Sunday, August 23, 2009

Wonder

Happy birthday to David Gates, the mastermind behind Bread, who turns 69 today. Bread purveyed a variety of music - wimp-pop - that is more or less reviled these days, but they did it far better than anyone else did, and that deserves our respect. Bread's oeuvre is much more satisfying than that of, say, Lobo, and worlds better than the likes of Ambrosia or Gino Vannelli.

The way Gates dis this was by avoiding the pompous self-pity of most wimp rockers, coming across instead as more ruminative about his often-pathetic fate. The basic theme of most Bread hits was to manfully face up to the fact that the woman you loved has become more interested in someone else; this is the idea behind "It Don't Matter to Me," "Aubrey," "Diary," "Everything I Own," "Lost Without Your Love," and probably a few others I'm forgetting. Even in "Baby I'm a-Want You," he is aware of the need to be a-praying that she'll always be a-staying beside him.

To see how these things can be handled badly, one need only listen to Chicago's bombastic "Look Away," maybe the worst Number One hit of all time. But Gates greets these moments with quiet acceptance, which makes them all the more heartbreaking. In "Diary," he ends up wishing for his ex-wife all the sweet things she can find with her new husband, which is probably more than I'd be capable of. It's not even like he's set his sights all that high; in "Aubrey," he sings, "I'd go a million times around the world just to say/She had been mine for a day." For a day!

"Aubrey" to me is the key song in the Bread catalog. In some ways, it's simple-minded - Gates actually rhymes "moon" and "June" - but it's also a gorgeous melody, and his singing, quietly evoking an obsessive memory, is stunning. "And Aubrey was her name/I never knew her, but I loved her just the same/I loved her name": The repetition of "name" echoes like the repetition of a memory you can't shake, and he sinks into a reverie when he sings that last line, wholly convincing himself that even her name had reached a kind of perfection. It is a nice name.

All of Bread's hits came in the short period between 1970 and 1973 (they were like the wimp-rock CCR), except for a brief reunion in 1976 that produced the hit "Lost Without Your Love." On that song Gates sounds like he has just returned from the dentist with a mouth full of novocaine; I would honestly like to know why his tongue sounds so thick. God only knows what was going on there.

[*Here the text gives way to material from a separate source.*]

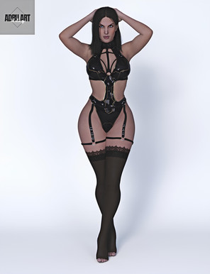 This render is one of two test runs to check if the harness set looks good in action. The model seen here is one of my personal favorites, I removed her tattoos for the time being since I am reworking those, but she is G3F Karen (I didn't name her) 7 base updated for a G8F female with custom maps. It's a simple scene with a studio plane and a HDRI, with the model and the new outfit in question.

Actually, David Gates' birthday is December 11. I just felt like writing about Bread. This, though, is the truth: Telly Savalas went all the way to Number One in the U.K. with a spoken-word cover version of "If." Crazy, huh?

6 comments:

Gavin said...

Welcome back!

Tom Nawrocki said...

My dreams were my ticket out.

Kinky Paprika said...

Did you write this knowing that former Bread member Larry Knechtel died a few days ago, or was it just coincidence?

Tom Nawrocki said...

No, it's just a coincidence. As Gavin implies, I've been away working on a project, and haven't been able to follow the wimp-rock necrology as much as I ordinarily like to.

Volly said...

Along with James Taylor, Jackson Browne and Cat Stevens, David Gates personified the "ideal man" for all of us mid-1970s Long Island teens. My mother found it extremely annoying. "Why can't you girls get a crush on a football player, the way my generation always did? A guy like that couldn't even carry your groceries in!"

Well, Mom, he could bring home the bacon, at least...

Anonymous said...

"Everything I Own" was actually written after his dad died.